### What the task requires
Transcribe every line from the one containing "В комплект входят" to the end of the listing, exactly as written, and leave out the pictures.

### Provided records
■ ■ ■ ■
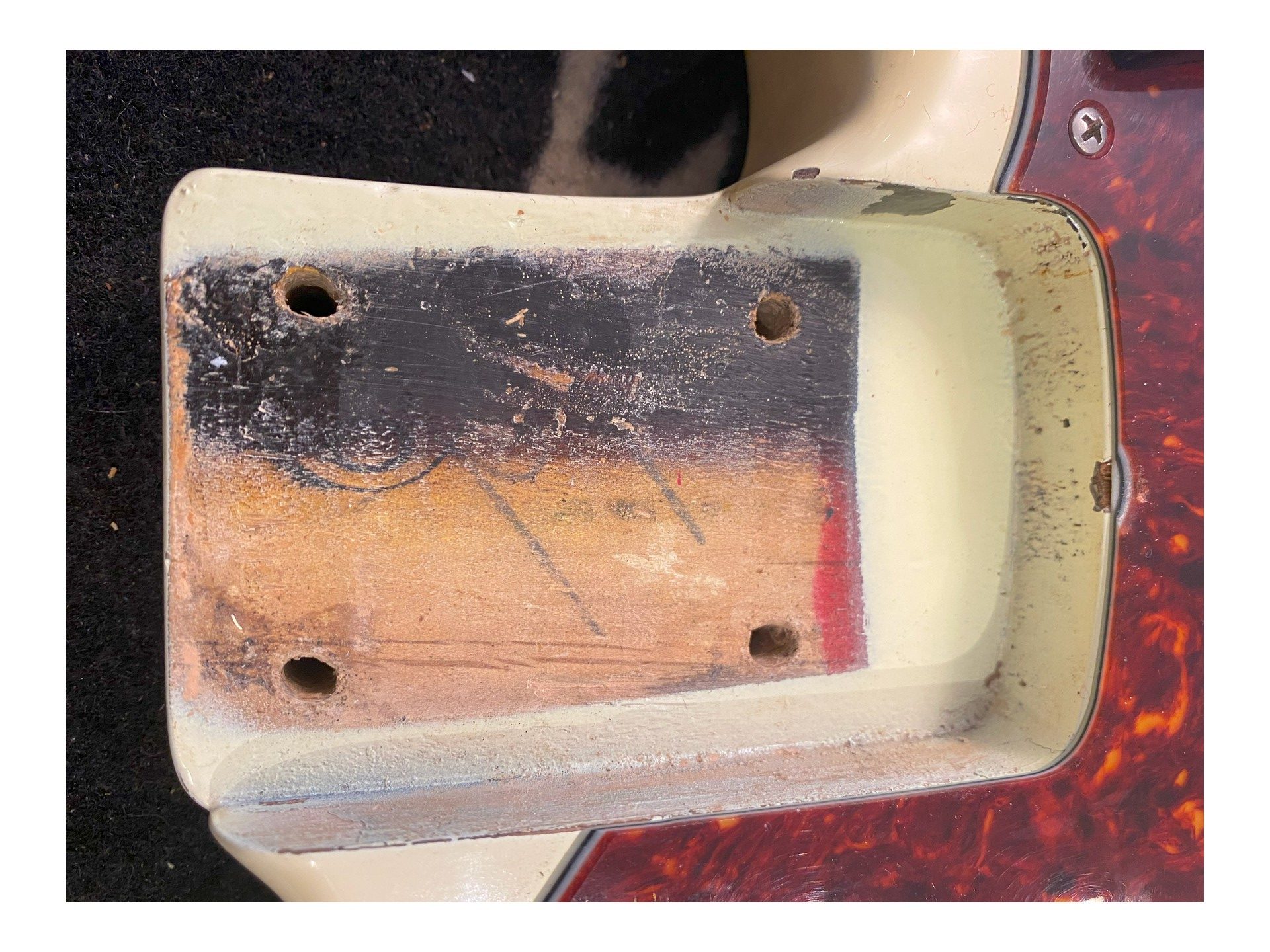 The pickguard, potentiometers, and case are not original, but the pickup is! The essentials are there: the wood, the bridge, the tuners, the knobs, and the pickup. The neck is dated November 1963 and the body December 1963.
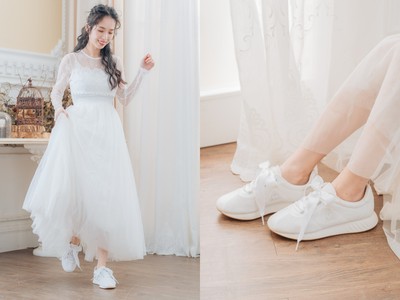 輕婚紗當道,目前婚禮不再侷限於澎湃的禮服才是王道,就連婚紗照也追求小清新的自然派風格,因此近年來許多運動品牌也都推出「婚紗鞋」,全白的配..
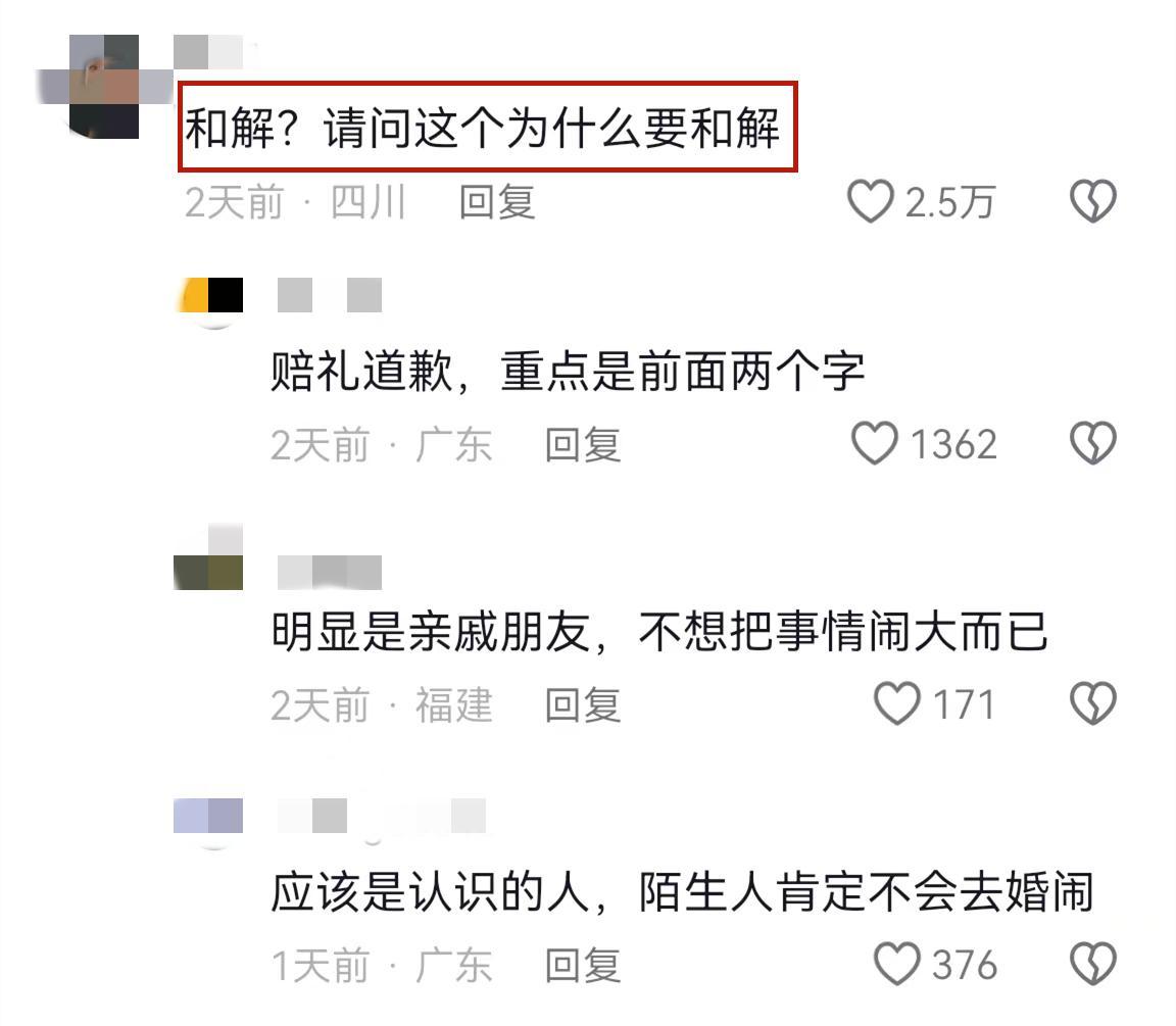 對於和解的原因,新娘發文進行了回應,她說婚鬧的是3個人,都是新郎認識的人,在報警溝通之後,這3人已經向她道歉。
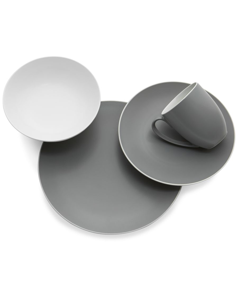 В комплект входят обеденная тарелка 11,25 дюйма, салатная тарелка 9 дюймов, миска 7,5 дюйма и кружка высотой 4,5 дюйма.
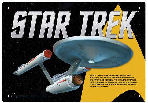 Set phasers to "Awesome!" This sweet sign will send fans of Star Trek: The Original Series to Warp 9! The Star Trek Enterprise Tin Sign measures approximately 20 x 29 cm.
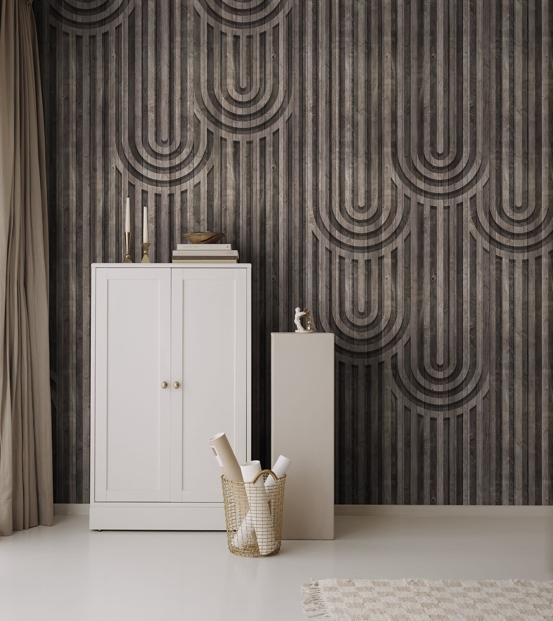 Cu acest tapet vei adăuga un plus de stil oricărei încăperi. Modelul cu aspect lemnos și elemente geometrice este ideal pentru un decor modern și sofisticat.
■ ■ ■ ■
### Result of the task
 В комплект входят обеденная тарелка 11,25 дюйма, салатная тарелка 9 дюймов, миска 7,5 дюйма и кружка высотой 4,5 дюйма.
 Set phasers to "Awesome!" This sweet sign will send fans of Star Trek: The Original Series to Warp 9! The Star Trek Enterprise Tin Sign measures approximately 20 x 29 cm.
 Cu acest tapet vei adăuga un plus de stil oricărei încăperi. Modelul cu aspect lemnos și elemente geometrice este ideal pentru un decor modern și sofisticat.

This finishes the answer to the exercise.